(Dataset items)

'''

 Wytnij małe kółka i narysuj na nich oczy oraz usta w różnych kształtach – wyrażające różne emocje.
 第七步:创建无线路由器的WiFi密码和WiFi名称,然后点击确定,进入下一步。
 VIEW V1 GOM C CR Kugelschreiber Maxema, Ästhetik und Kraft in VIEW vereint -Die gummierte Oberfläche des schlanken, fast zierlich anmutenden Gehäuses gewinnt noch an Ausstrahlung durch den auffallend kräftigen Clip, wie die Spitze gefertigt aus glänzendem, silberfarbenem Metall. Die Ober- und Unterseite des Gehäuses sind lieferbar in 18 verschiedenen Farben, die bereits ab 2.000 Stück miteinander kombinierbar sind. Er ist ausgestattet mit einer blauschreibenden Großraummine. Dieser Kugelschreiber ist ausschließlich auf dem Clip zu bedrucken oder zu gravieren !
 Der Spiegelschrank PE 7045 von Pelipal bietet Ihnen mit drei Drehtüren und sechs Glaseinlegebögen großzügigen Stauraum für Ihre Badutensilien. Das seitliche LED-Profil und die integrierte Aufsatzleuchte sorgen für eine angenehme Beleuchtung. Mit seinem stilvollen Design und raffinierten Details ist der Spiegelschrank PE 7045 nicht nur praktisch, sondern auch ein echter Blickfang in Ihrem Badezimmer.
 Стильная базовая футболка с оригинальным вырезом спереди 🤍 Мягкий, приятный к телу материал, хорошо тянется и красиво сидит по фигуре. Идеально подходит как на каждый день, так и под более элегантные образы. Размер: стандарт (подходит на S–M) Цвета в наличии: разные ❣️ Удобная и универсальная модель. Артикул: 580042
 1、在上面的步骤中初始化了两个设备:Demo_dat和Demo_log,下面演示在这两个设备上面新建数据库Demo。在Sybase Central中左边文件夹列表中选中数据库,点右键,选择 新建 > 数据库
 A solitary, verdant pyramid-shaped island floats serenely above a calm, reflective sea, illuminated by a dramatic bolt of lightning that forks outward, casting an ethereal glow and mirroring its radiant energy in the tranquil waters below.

'''
'''

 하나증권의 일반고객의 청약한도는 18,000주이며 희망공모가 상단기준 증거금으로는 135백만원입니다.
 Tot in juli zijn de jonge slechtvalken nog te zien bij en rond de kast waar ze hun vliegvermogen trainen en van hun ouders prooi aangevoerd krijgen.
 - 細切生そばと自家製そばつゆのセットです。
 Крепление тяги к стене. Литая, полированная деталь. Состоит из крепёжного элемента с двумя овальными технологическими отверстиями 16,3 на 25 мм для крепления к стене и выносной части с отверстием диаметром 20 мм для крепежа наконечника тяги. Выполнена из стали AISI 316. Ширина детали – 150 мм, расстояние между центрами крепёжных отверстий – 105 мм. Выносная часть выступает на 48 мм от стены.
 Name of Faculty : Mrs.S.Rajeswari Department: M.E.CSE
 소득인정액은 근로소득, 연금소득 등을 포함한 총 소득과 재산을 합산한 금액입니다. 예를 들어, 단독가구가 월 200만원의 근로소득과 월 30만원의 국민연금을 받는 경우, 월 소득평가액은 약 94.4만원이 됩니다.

'''
'''

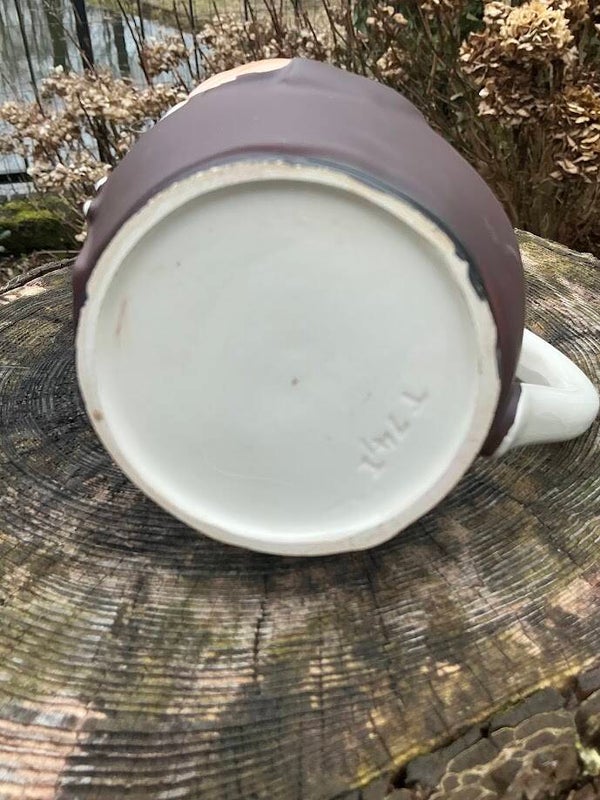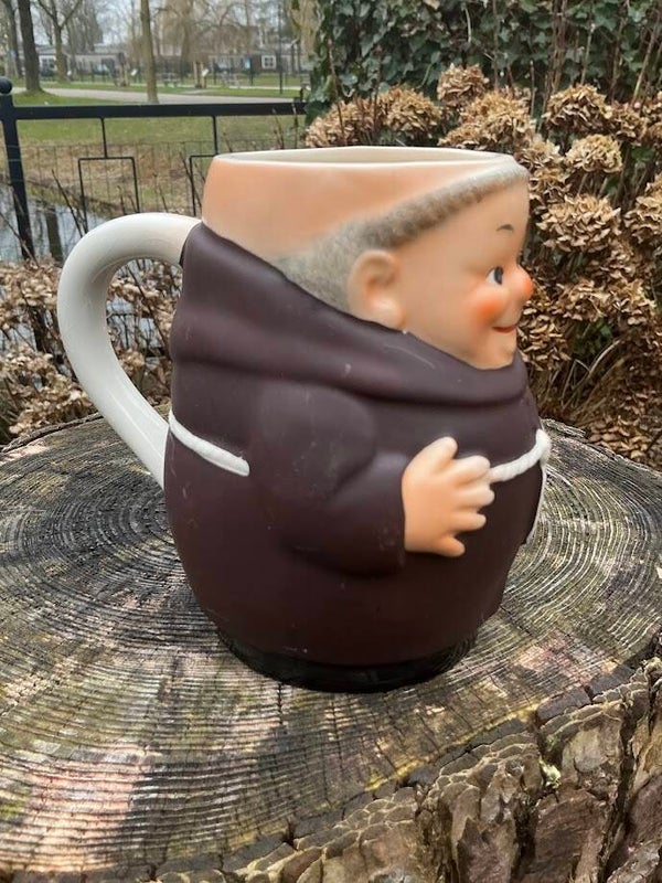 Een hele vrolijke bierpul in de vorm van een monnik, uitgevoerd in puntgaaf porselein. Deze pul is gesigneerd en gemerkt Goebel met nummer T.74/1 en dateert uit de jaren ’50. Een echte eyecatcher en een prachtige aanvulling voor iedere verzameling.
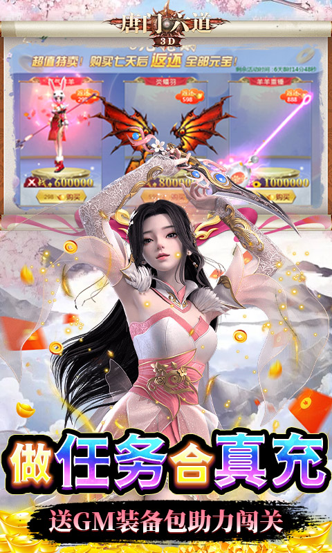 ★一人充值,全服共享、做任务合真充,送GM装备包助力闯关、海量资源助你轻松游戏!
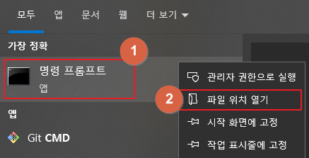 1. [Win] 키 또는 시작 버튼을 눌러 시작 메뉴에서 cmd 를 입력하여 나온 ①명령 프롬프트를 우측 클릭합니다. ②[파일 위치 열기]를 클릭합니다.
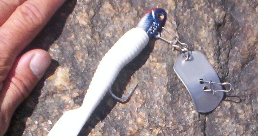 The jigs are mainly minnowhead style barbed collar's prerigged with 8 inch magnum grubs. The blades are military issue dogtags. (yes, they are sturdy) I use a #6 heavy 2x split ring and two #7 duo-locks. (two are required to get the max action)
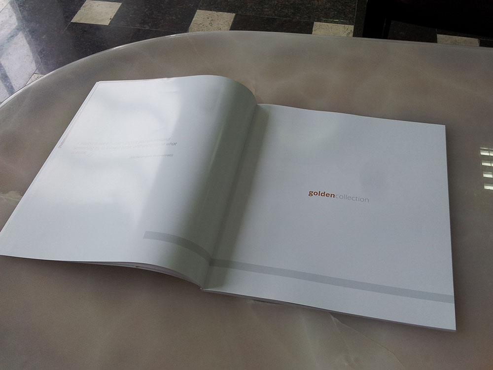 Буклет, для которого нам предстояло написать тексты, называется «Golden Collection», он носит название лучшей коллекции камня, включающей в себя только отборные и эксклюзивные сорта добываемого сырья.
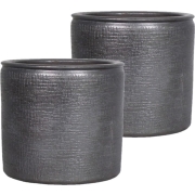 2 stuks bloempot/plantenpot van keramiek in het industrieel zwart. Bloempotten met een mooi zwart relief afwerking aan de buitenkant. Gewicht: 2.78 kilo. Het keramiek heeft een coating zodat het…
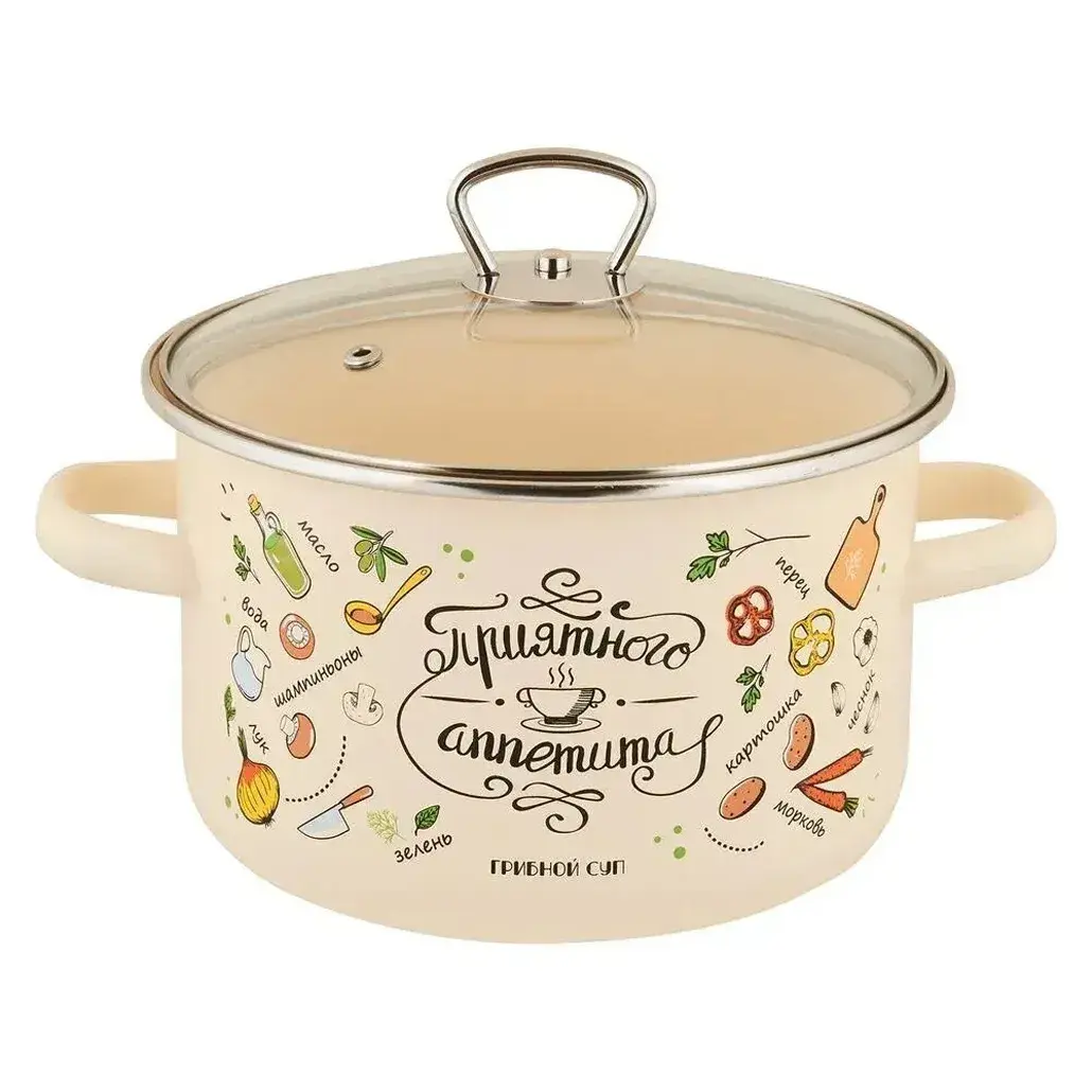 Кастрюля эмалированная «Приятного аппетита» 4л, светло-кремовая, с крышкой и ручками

'''

**PROBLEM TO WORK ON:** Copy word for word the span of the records above that begins at the line with "2 stuks bloempot/plantenpot" and ends at the line with "крышкой и ручками", including those two lines but not the pictures.

**ANSWER TO THIS EXERCISE:**
 2 stuks bloempot/plantenpot van keramiek in het industrieel zwart. Bloempotten met een mooi zwart relief afwerking aan de buitenkant. Gewicht: 2.78 kilo. Het keramiek heeft een coating zodat het…
 Кастрюля эмалированная «Приятного аппетита» 4л, светло-кремовая, с крышкой и ручками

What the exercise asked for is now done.